_TASK_:
Look through the entries below and extract exactly the lines from the one containing "1年1組の子どもたちが、ミドリ保育園の年長さんを招待し" through the one containing "这些富豪们不仅是财富的象征,更是中国经济", ends included.

_RECORDS FOR THIS TASK_:
——

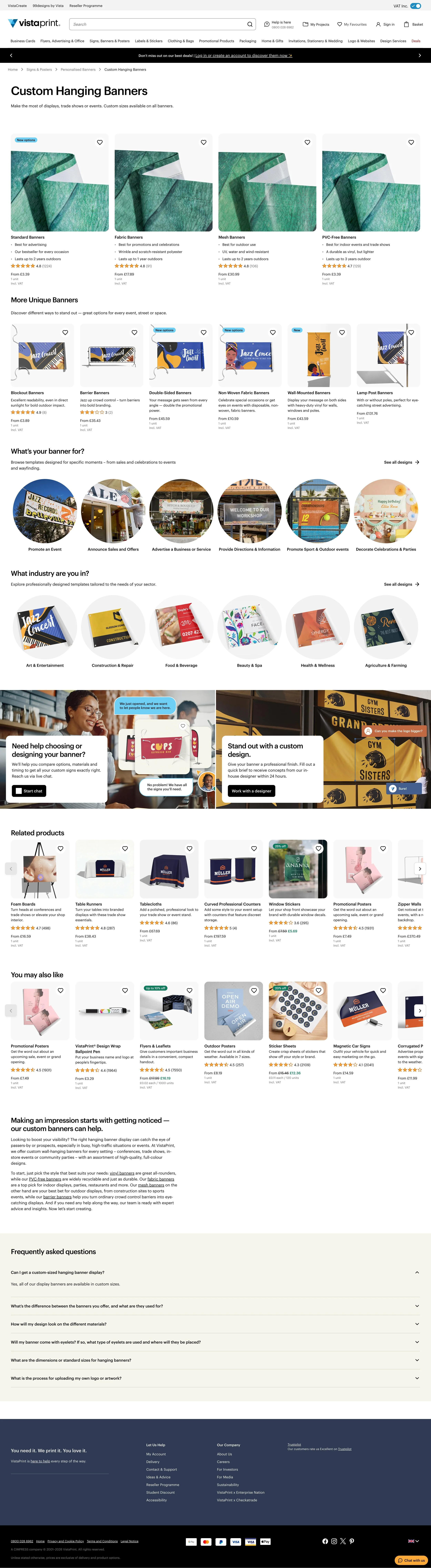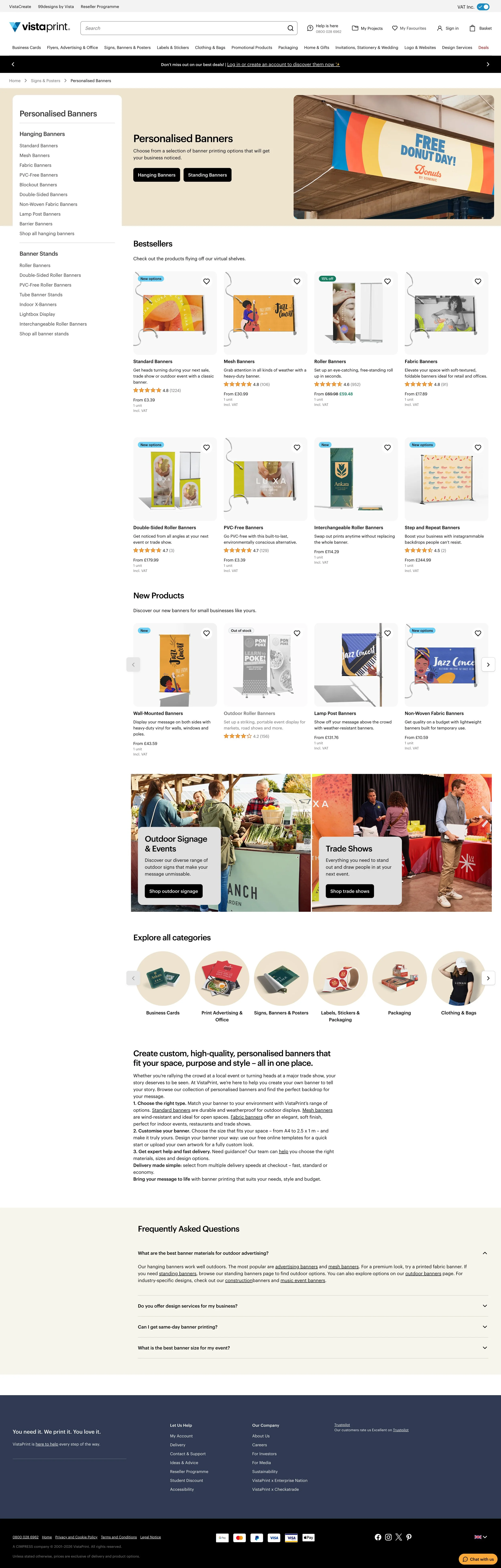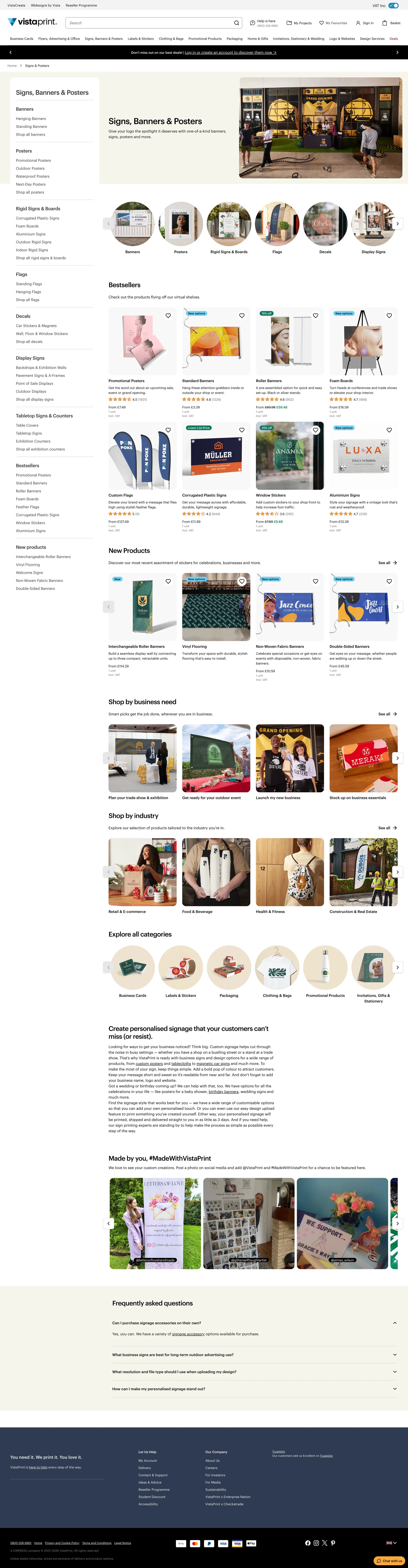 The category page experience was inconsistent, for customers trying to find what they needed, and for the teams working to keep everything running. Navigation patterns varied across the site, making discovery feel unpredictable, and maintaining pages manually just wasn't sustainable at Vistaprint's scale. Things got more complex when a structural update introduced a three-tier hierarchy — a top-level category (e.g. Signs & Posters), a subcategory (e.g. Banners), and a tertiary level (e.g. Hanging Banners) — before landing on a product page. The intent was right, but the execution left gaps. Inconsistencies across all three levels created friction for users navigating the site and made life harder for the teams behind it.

——

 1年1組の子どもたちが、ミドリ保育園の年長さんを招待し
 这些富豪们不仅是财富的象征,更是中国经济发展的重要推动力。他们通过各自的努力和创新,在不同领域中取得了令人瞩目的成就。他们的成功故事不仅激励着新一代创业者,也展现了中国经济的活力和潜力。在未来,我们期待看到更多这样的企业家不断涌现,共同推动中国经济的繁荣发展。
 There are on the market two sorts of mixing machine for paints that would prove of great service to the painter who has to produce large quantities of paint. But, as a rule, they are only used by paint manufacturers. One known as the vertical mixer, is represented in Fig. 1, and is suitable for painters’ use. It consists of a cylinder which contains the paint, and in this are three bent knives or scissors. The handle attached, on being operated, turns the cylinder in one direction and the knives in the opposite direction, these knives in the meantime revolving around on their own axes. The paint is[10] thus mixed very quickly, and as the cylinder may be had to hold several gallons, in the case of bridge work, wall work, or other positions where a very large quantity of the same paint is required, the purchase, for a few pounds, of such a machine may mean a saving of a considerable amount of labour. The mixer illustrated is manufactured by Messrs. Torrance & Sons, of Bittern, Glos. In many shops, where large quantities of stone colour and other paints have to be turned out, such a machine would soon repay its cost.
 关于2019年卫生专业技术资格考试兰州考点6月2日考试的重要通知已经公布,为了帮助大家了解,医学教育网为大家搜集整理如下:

——

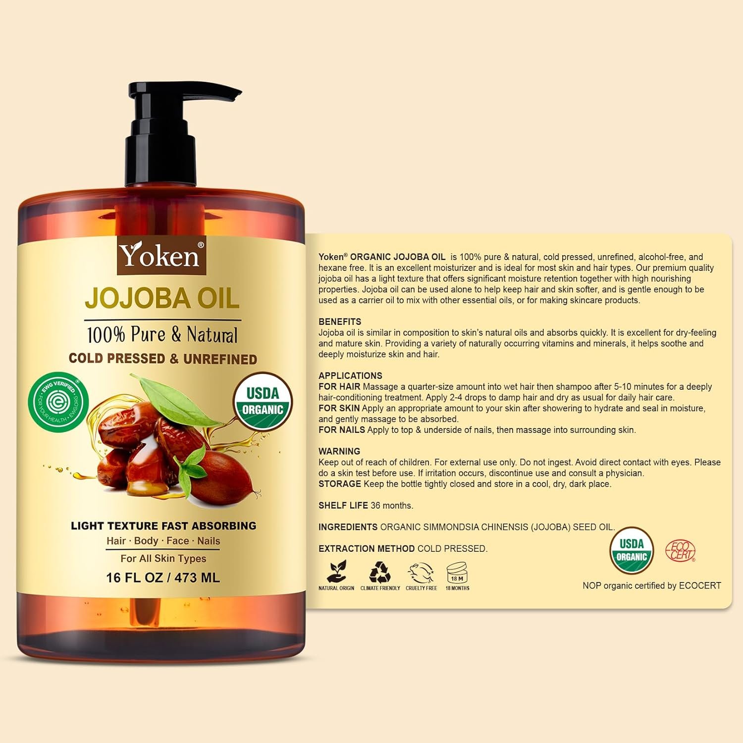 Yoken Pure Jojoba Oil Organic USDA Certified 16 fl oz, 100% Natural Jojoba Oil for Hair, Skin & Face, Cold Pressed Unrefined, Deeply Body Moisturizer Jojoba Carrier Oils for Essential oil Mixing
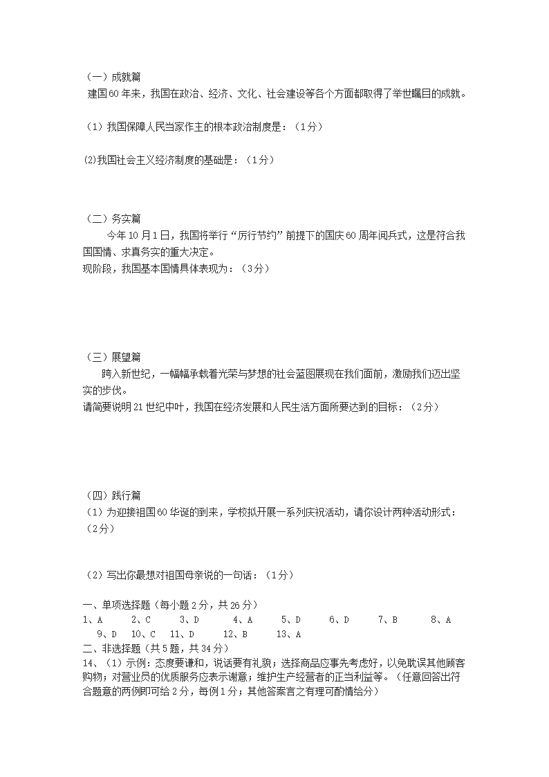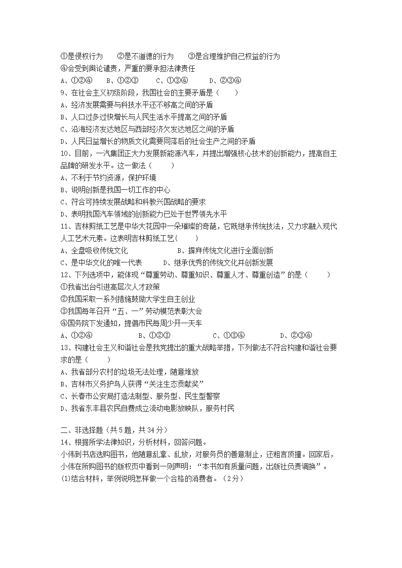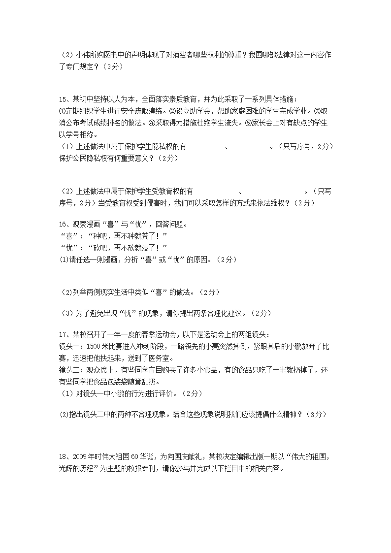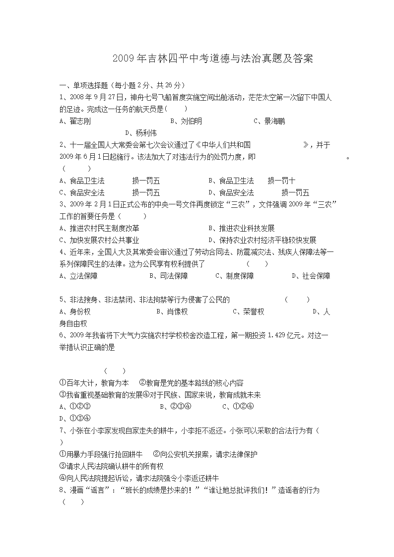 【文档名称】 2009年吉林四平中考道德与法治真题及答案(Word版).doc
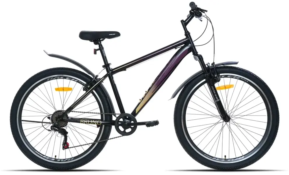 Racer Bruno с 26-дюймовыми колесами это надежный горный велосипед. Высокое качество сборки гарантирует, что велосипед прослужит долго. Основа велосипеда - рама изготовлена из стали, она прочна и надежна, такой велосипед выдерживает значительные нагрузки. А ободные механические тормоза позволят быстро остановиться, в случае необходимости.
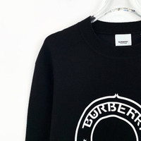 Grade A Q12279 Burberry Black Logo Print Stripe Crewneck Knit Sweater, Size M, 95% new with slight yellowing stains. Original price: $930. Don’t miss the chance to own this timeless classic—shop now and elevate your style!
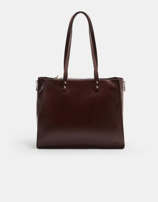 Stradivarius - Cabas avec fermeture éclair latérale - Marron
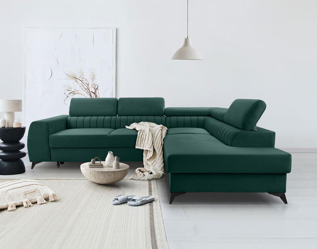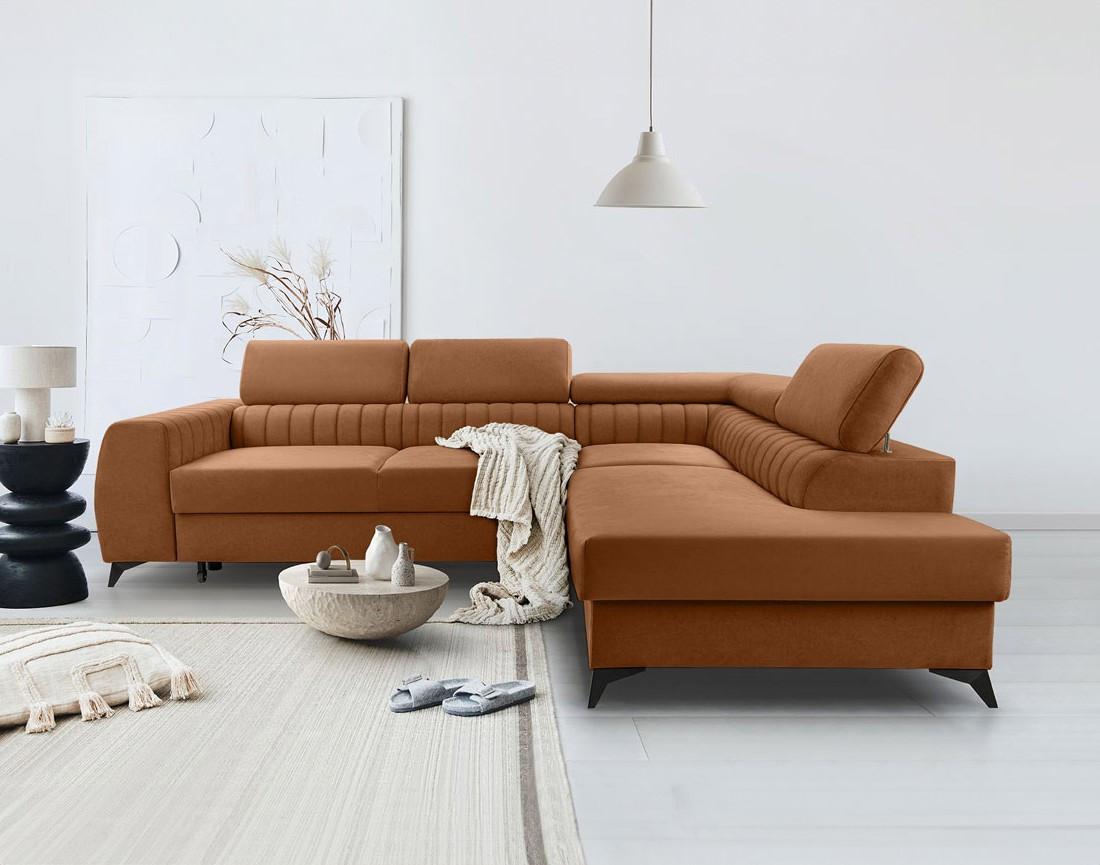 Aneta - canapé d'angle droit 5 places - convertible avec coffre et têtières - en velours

——

_SOLUTION TO THIS TASK_:
 1年1組の子どもたちが、ミドリ保育園の年長さんを招待し
 这些富豪们不仅是财富的象征,更是中国经济发展的重要推动力。他们通过各自的努力和创新,在不同领域中取得了令人瞩目的成就。他们的成功故事不仅激励着新一代创业者,也展现了中国经济的活力和潜力。在未来,我们期待看到更多这样的企业家不断涌现,共同推动中国经济的繁荣发展。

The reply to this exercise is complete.